◆ Input data ◆

++++++

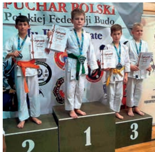
Medaliści Pucharu Polski
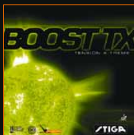
BOOST TX RED/BLACK
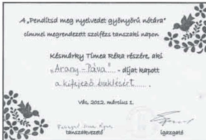
Az Arany-Páva-díjak és tulajdonosaik
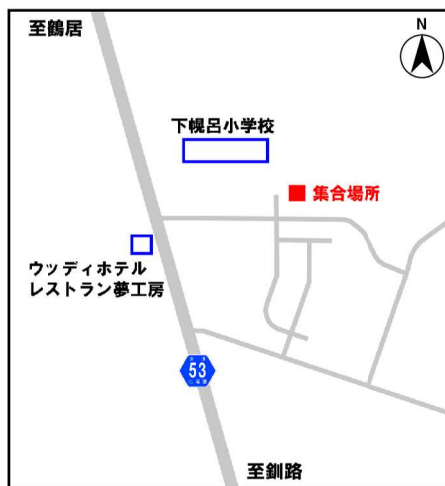
集合場所：下幌呂コミュニティセンター (鶴居村字幌呂下幌呂)
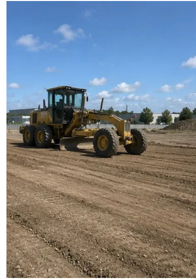
Fotografia č. 3. Vyčistenie a zarovnanie terénu dokončené
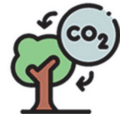
“กำจัด” ก๊าซเรือนกระจกออกจาก ชั้นบรรยากาศ เช่น การปลูกป่า ตรึงคาร์บอนในดิน
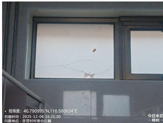
银河沟村公厕 2 (NO.10) (窗户不洁)T14:56
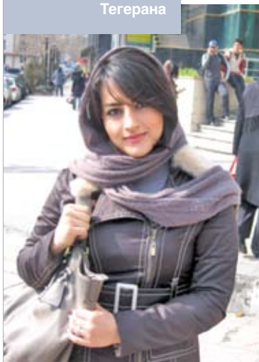
Молодая жительница Тегерана

Под запретом в Иране и наркотики – наказание за их распространение предусмотрено вплоть до смертной казни. Та же ситуация с сексуальными меньшинствами. Правильно все это или неправильно – не нам судить. Но, надо думать, у такой на-
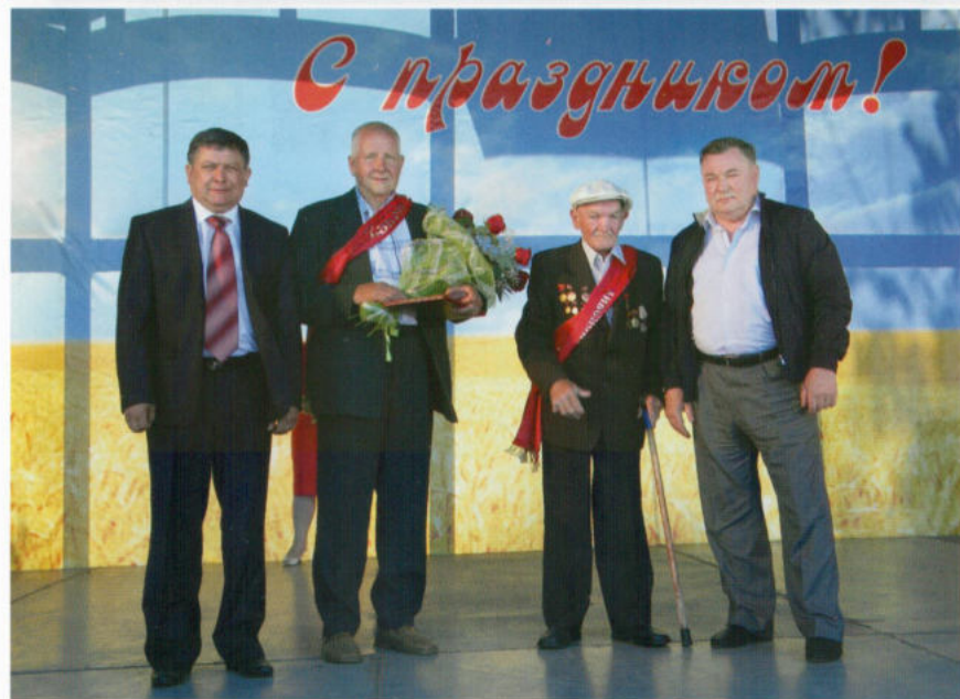
Губернатор А.П. Козлов на праздновании Дня Ливенского района
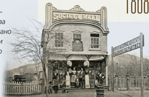
ЕЛАЙЗА Р. СНОУ 1866

Перший зал для проведення зборів Товариства допомоги було збудовано Товариством допомоги 15-го Солт-Лейкського приходу. Понад 120 залів було збудовано упродовж наступних 50 років.
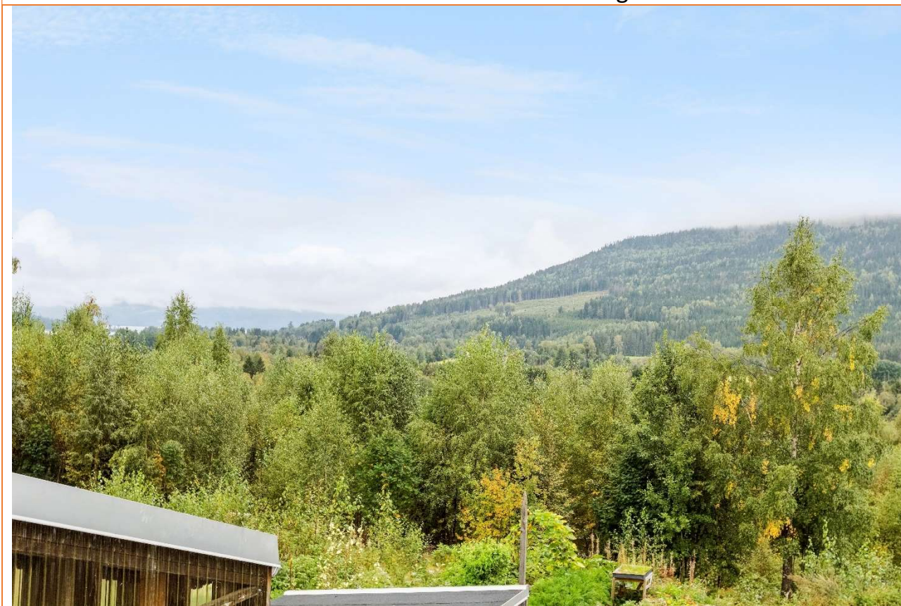
Under: Utsikt fra soverom i 2. etg.
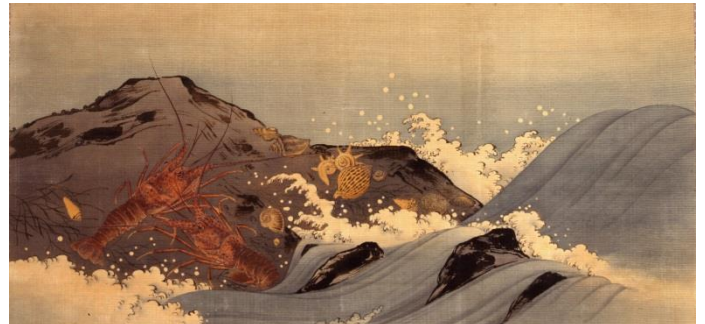
「貝に海老図」ピロード友禅 村上嘉兵衛 (明治時代) 後期展示
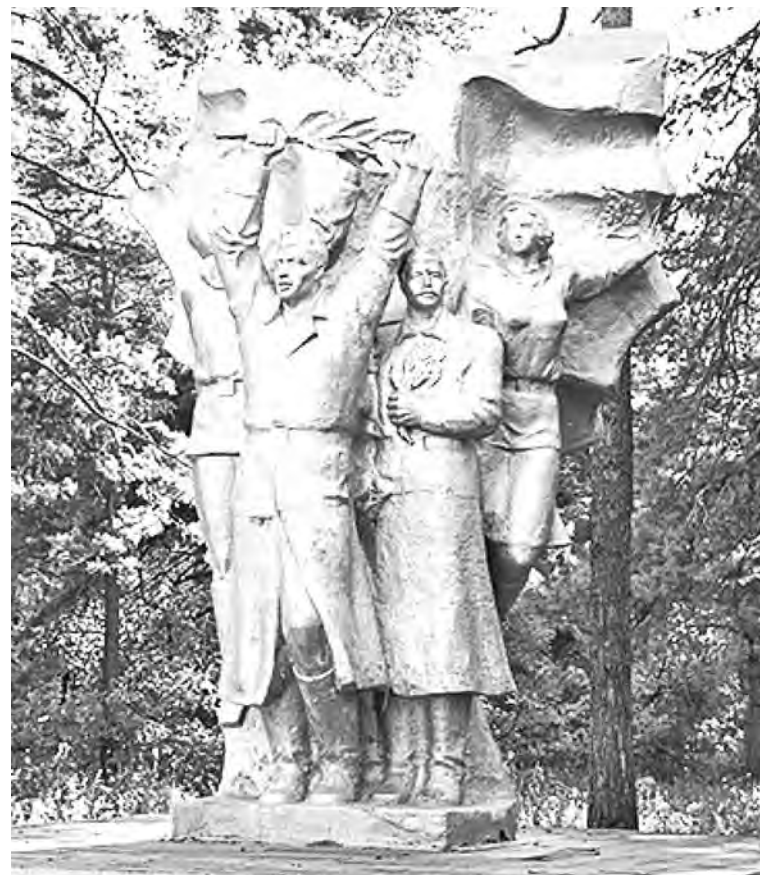
■ Памятник в Сосновом бору, на аллее Трех дивизий.
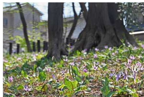
清水山の森のカタクリ群生地
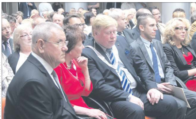
Goście z Gródka i Melton kolejny raz odwiedzili nasze miasto
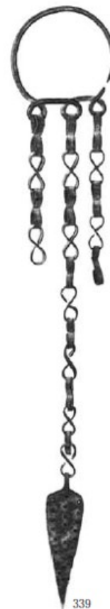
Abb. 4 - Anhänger mit Kettchen, die in lanzenförmigen Elementen enden - Archäologisches Museum von Sassari, vormals Sammlung Dessi (aus: LILLIU 1966, Nr. 339, S. 448).
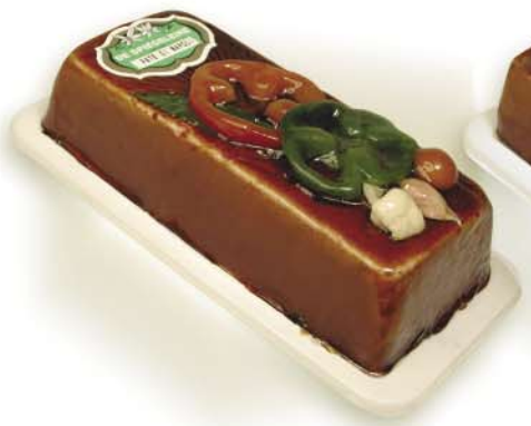
(152 026) Di Napoli Pâté (coarse)
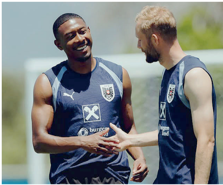
Sonrisas. Alaba liderará las ilusiones de Austria.

En la vereda de enfrente, Jordania se presenta como uno de los elencos más humildes de la competición. Conscientes de su papel de "cenicienta" en el Grupo J, el equipo sabe que cualquier resultado positivo frente a contrincantes de mayor jerarquía sería una gesta histórica
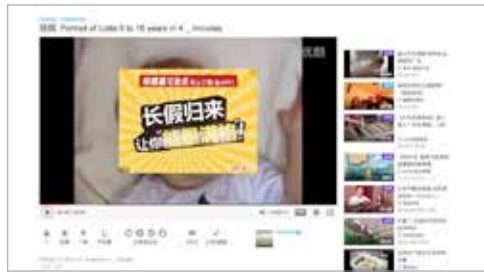
Ruimte voor een fotobijlschrift

het maar gewoon doen. Het is dan ook een soort mijlpaal. De basisschoolperiode is afgelopen en de middelbare schooltijd breekt aan. Een dag nadat ik het gepost had, ontstond er een explosie. Werkelijk. Ik heb daar de kracht en de macht van social media gezien. Ongelooflijk. Het was gek genoeg eerst in
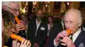
Re Carlo suona un flauto ricavato da una carota
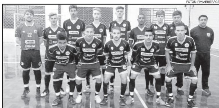
Teutônia Futsal, Sub-20 no Abertão de Futsal do Gaúcho
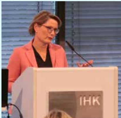
Bildungsministerin Dr. Stefanie Hubig zu Gast beim IHK-MINT-Forum.

Besucher des IHK-MINT-Forums legen Grundstein für neue Bildungspartnerschaften
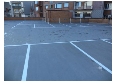
Afgevoerd project met het Triflex ProPark variant 1 systeem
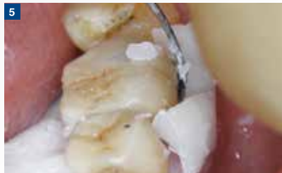
5 適切なタイミングでセメント除去の操作に入れば、セメントが柔らか過ぎず、硬化し過ぎていないこともなく、一塊で容易に除去できる。
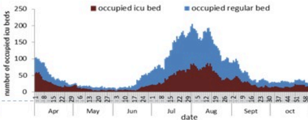
عدد الاسرة المستعملة

++++++

◆ What you have to do ◆
Work through the data line by line and state how many lines have the string "MINT"; add nothing else.

◆ Reply ◆
2